The second part of this community was comprised of soldiers. It is no secret that the imperial authorities used the army as a tool for integrating the Jewish population into imperial society. There is a wonderful book by [Yohanan] Petrovsky-Shtern about Jews in the Russian army. This situation was also typical of other countries—France, for example. Thus, Jewish soldiers often ended up in Kharkiv. Until 1859 the community was composed of merchants and soldiers.

The Pale of Settlement in the Russian

Andriy Kobalia:  I know that a third category existed here: students. Jews with higher education had the right to reside outside the Pale of Settlement. Were there Jewish students in Kharkiv? Was it possible to create Jewish educational institutions in Kharkiv?

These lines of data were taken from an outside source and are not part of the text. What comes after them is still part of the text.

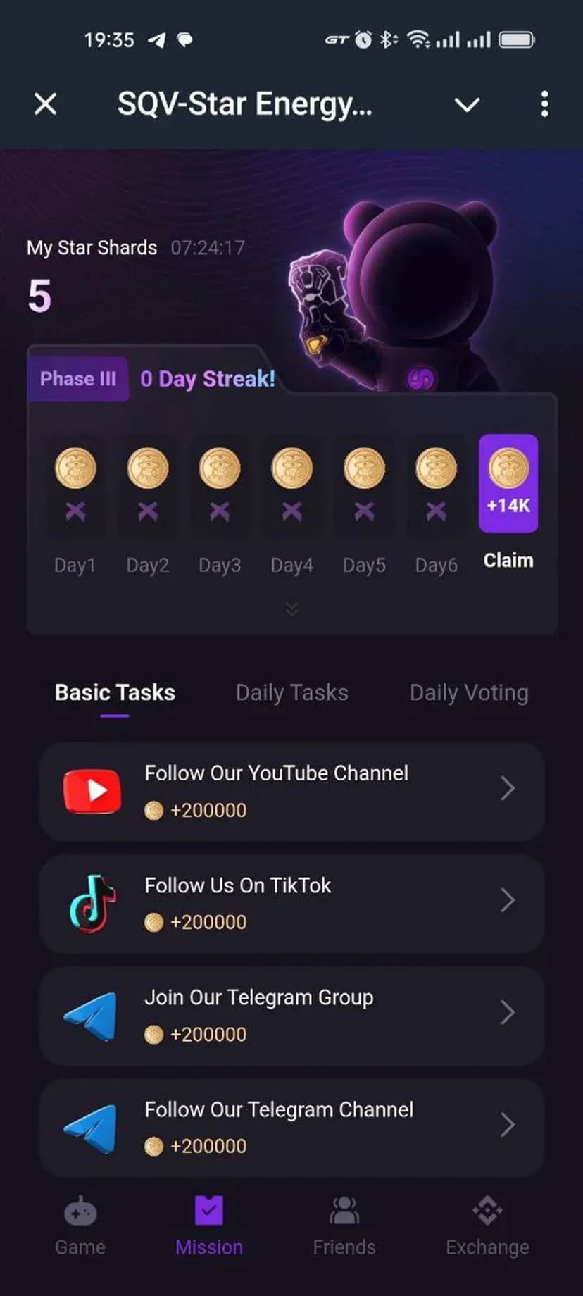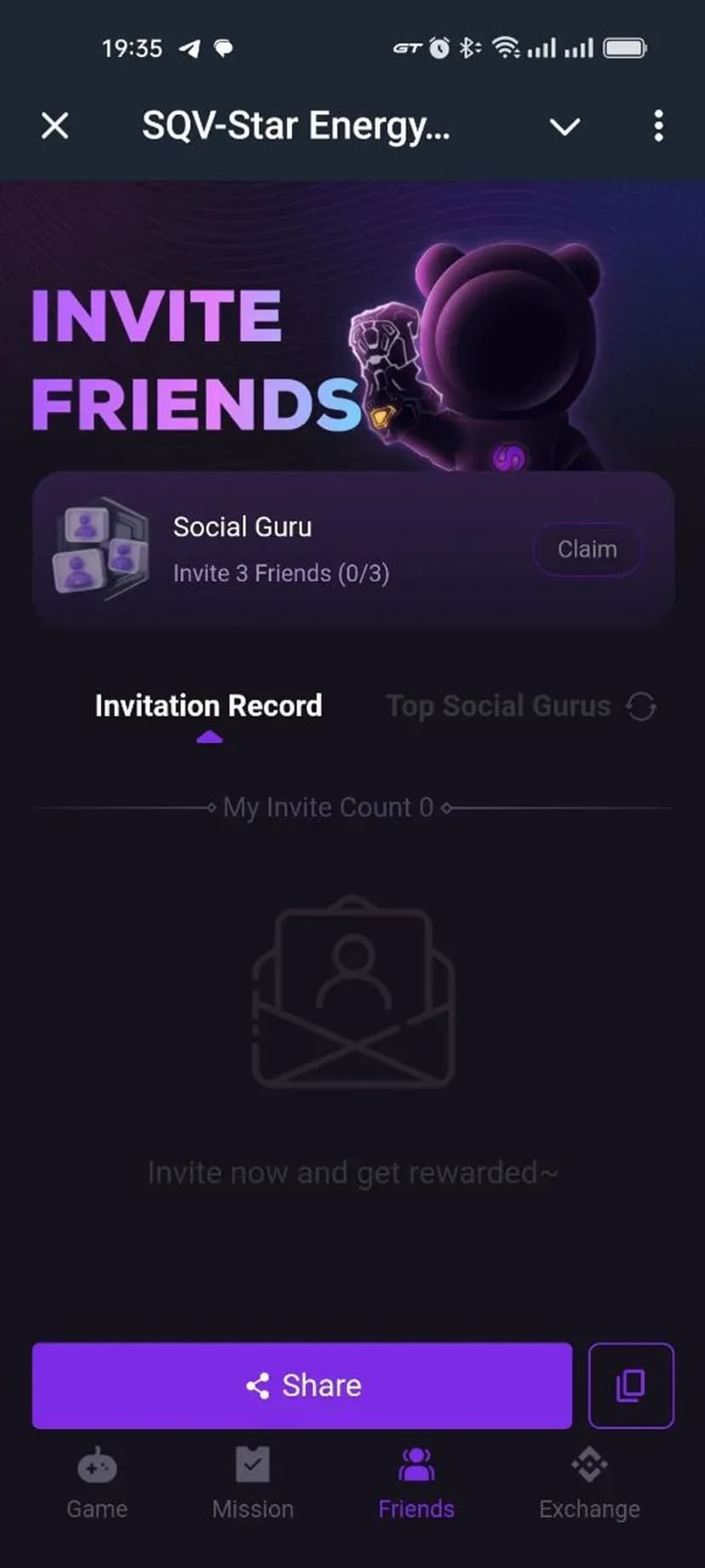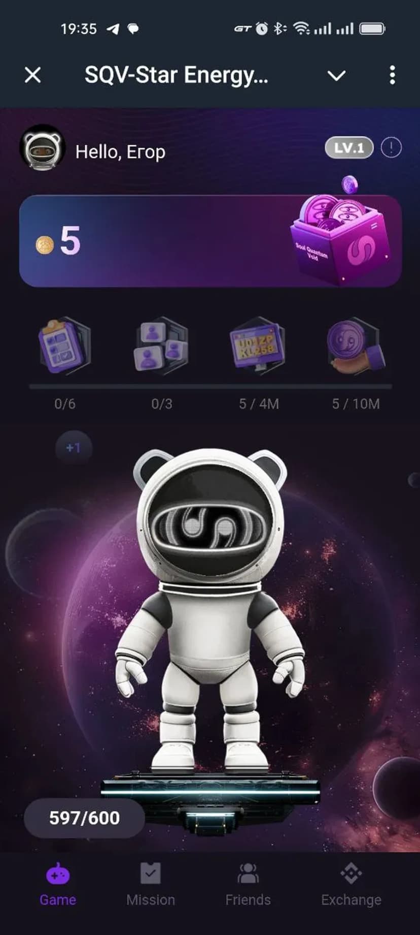 SQV-Star Energy Hunter — геймифицированная платформа для заработка криптовалютных аирдропов и BNB. Пользователи получают статус «Seeds of Origin», выполняют игровые задания и участвуют в многоуровневых реферальных схемах для получения вознаграждений.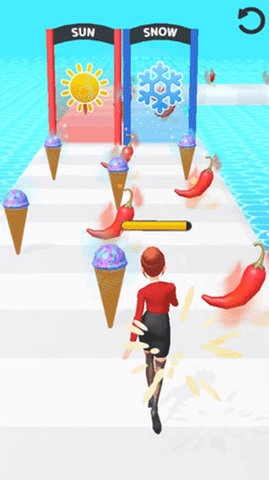 双属性玩法:玩家可以选择冰属性或火属性的角色,收集与角色属性对应的辣椒或冰淇淋。例如,选择火属性角色时,需要收集辣椒。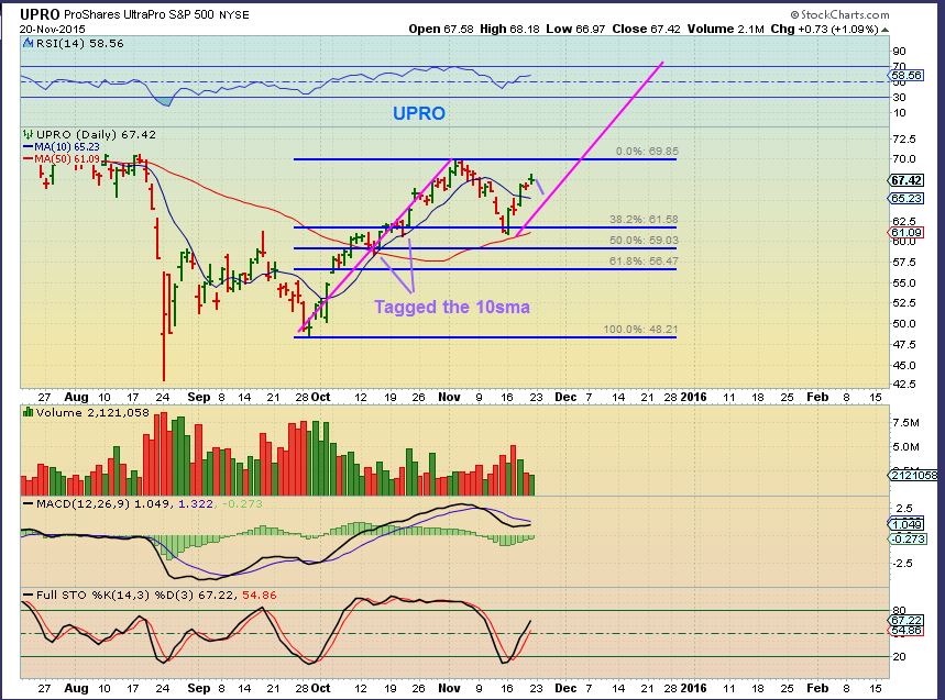UPRO ( or TQQQ for NAZ) is a slightly leveraged ETF for the SPX . On the last run higher, it tagged the 10sma a few times. I would buy it at a tag of the 10sma or take a position and use the 10sma as an area to put a stop under. As a trader: When I look at this chart ( or TQQQ) I think that the MACD is saying to wait for a pullback to the 10sma.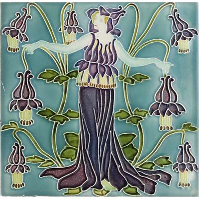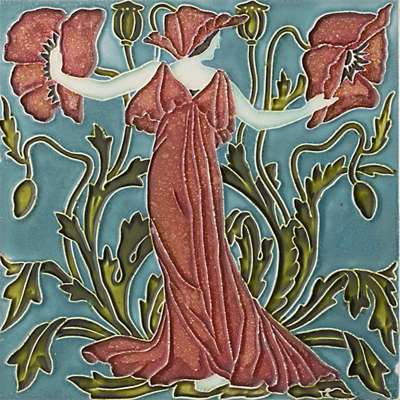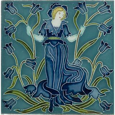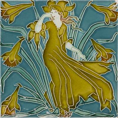 Note: Renowned Victorian artist and illustrator Walter Crane (1845-1915) worked for several manufacturing firms, but most notably for Pilkington's Tile and Pottery Company. Crane began designing interior decoration, wallpapers, tiles and embroidery from the mid-1870s and in 1880 he was made Art Superintendent of London Decorating Company, which specialised in encaustic tiles. The design of these relief-pressed tiles for Pilkington's, which show all the influences of the Art Nouveau, are similar in style to Crane's imaginative book illustrations, on which he built his reputation.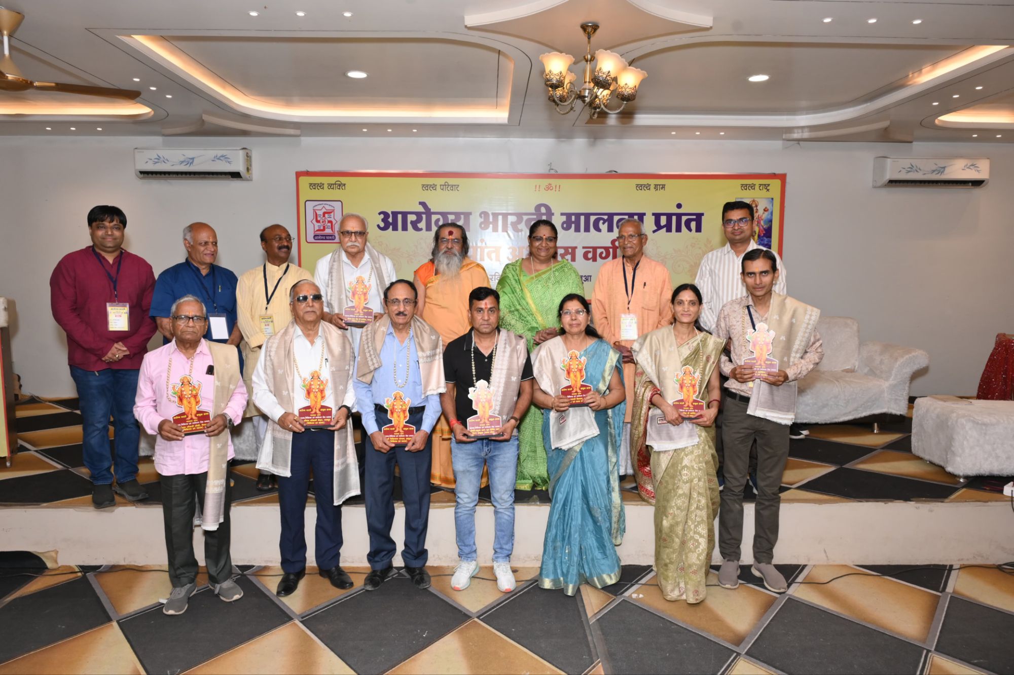 झाबुआ। आरोग्य भारती मालवा प्रांत द्वारा रविवार को झाबुआ में एक दिवसीय अभ्यास वर्ग का आयोजन किया गया। कार्यक्रम का प्रथम सत्र प्रातः 10 बजे से 12 बजे तक आयोजित हुआ, जिसमें स्वास्थ्य, चिकित्सा एवं पर्यावरण से जुड़े विभिन्न विषयों पर विस्तृत चर्चा की गई और स्वास्थ्य, चिकित्सा एवं पर्यावरण के क्षेत्र में उल्लेखनीय कार्य करने वाले विभिन्न व्यक्तियों और संस्थाओं का सम्मान किया गया ।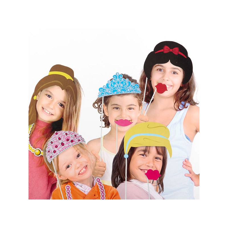 Маленьким принцессам придутся по душе принадлежности для забавных фото Princesa (комплект из 12 штук)! Входит 12 аксессуаров из картона с пластиковым стержнем для крепления (приблизительная длина: от 20 до 26 см).

Artem Kharchenko:  The answer to this question depends on the period. I have said that the year 1859 marked the beginning of a new period. This was a period when the government switched to the policy of “assimilating” and integrating the Jews. The historian Benjamin Nathans has written about the theory of selective integration, when the tsarist government selected social strata that were useful from its standpoint, and settled them outside the Pale of Settlement. The first to be affected by these decisions were merchants, who obtained this right in 1859. Year after year new strata appear that acquire this right, including students as well as jurists, artists, and craftsmen from the “useful professions.”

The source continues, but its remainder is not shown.